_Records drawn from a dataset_
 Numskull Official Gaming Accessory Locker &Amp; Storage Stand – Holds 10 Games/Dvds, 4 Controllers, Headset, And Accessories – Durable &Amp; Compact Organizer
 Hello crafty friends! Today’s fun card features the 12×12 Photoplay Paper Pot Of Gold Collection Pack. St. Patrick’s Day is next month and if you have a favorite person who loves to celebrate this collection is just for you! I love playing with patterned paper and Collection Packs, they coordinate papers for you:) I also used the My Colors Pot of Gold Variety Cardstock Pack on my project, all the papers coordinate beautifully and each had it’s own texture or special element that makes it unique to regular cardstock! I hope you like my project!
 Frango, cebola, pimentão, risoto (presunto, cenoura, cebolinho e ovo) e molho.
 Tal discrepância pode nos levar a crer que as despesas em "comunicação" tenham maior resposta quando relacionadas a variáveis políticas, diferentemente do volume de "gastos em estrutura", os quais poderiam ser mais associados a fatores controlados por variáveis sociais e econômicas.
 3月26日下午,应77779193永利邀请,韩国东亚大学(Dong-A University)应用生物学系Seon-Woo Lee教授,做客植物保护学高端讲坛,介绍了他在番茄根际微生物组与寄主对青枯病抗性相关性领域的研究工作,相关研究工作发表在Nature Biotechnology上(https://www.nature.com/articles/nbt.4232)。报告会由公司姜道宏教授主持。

...

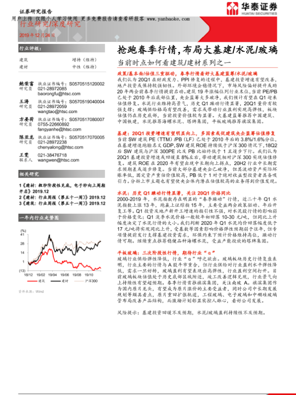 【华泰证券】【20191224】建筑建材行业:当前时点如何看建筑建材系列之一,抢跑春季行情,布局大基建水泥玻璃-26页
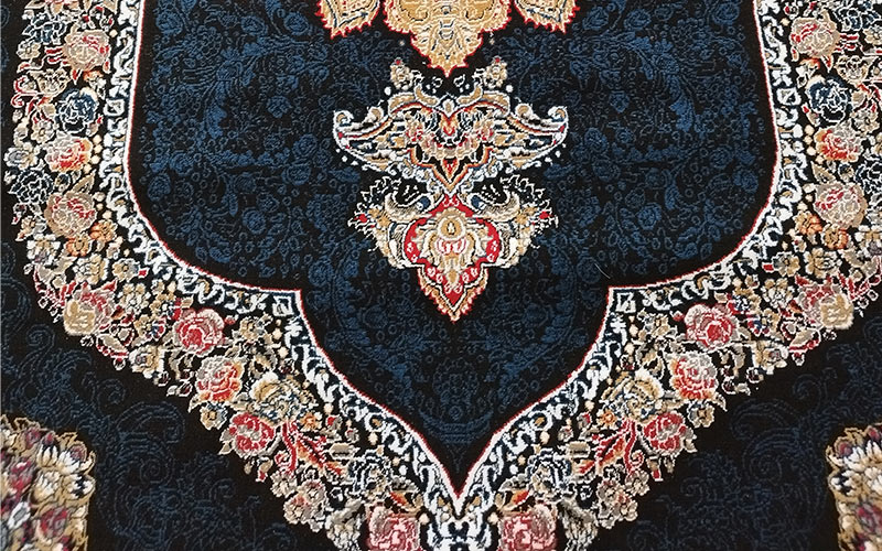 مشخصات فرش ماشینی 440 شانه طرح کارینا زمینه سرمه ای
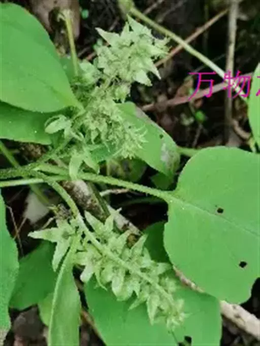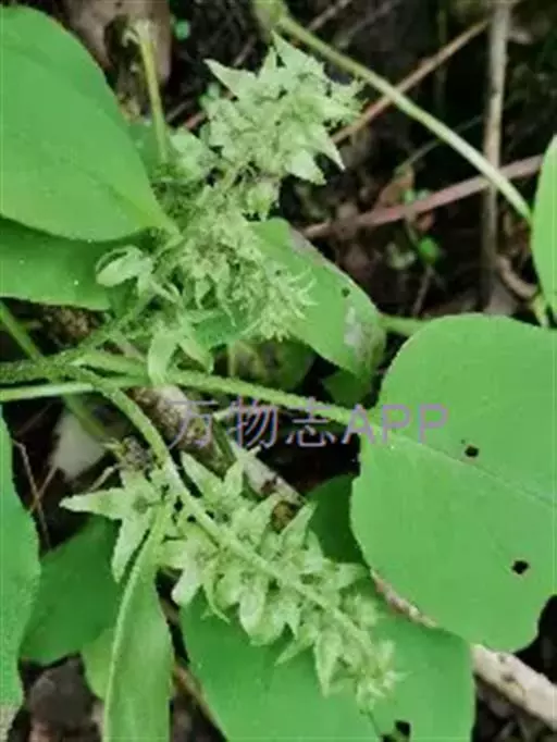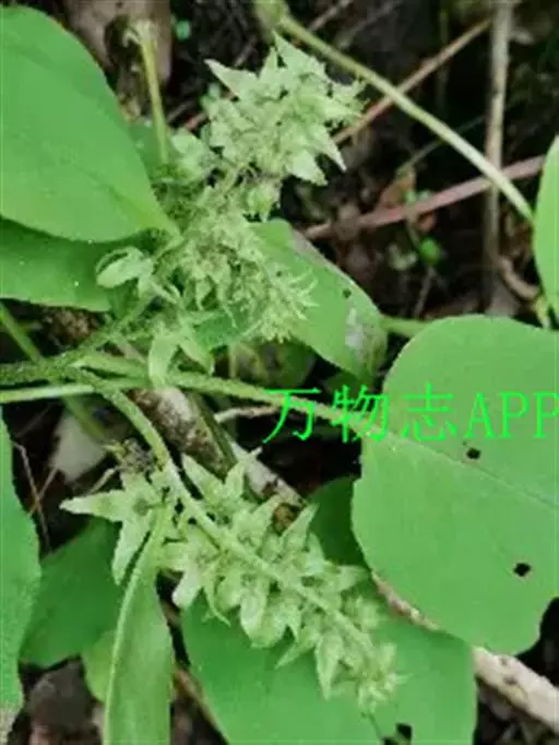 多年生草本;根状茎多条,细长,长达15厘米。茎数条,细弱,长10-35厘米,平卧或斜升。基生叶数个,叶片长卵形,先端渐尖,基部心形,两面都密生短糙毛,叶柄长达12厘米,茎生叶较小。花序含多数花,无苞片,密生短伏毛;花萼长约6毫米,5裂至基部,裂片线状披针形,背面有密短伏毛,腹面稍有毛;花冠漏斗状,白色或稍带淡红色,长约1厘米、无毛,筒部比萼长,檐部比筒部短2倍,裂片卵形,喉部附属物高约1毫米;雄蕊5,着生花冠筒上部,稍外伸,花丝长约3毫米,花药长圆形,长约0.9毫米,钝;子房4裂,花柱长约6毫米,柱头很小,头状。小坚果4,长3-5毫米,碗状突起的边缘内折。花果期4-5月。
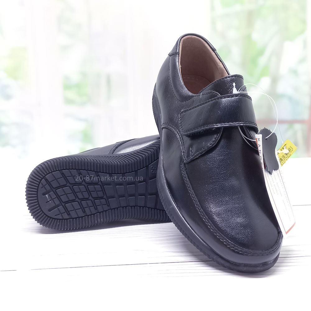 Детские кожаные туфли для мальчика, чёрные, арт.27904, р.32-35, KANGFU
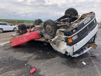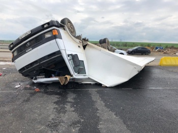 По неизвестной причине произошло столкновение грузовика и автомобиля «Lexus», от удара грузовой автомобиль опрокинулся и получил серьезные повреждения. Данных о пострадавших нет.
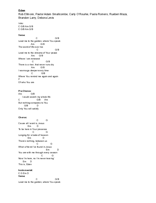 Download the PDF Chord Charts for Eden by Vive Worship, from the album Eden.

_TASK OBJECTIVE_
Pictures in the entries do not go into the copy. Print only the lines starting at the one containing "По неизвестной причине" and ending at the one containing "Download the PDF", exactly as they appear.

_EXPECTED ANSWER_
 По неизвестной причине произошло столкновение грузовика и автомобиля «Lexus», от удара грузовой автомобиль опрокинулся и получил серьезные повреждения. Данных о пострадавших нет.
 Download the PDF Chord Charts for Eden by Vive Worship, from the album Eden.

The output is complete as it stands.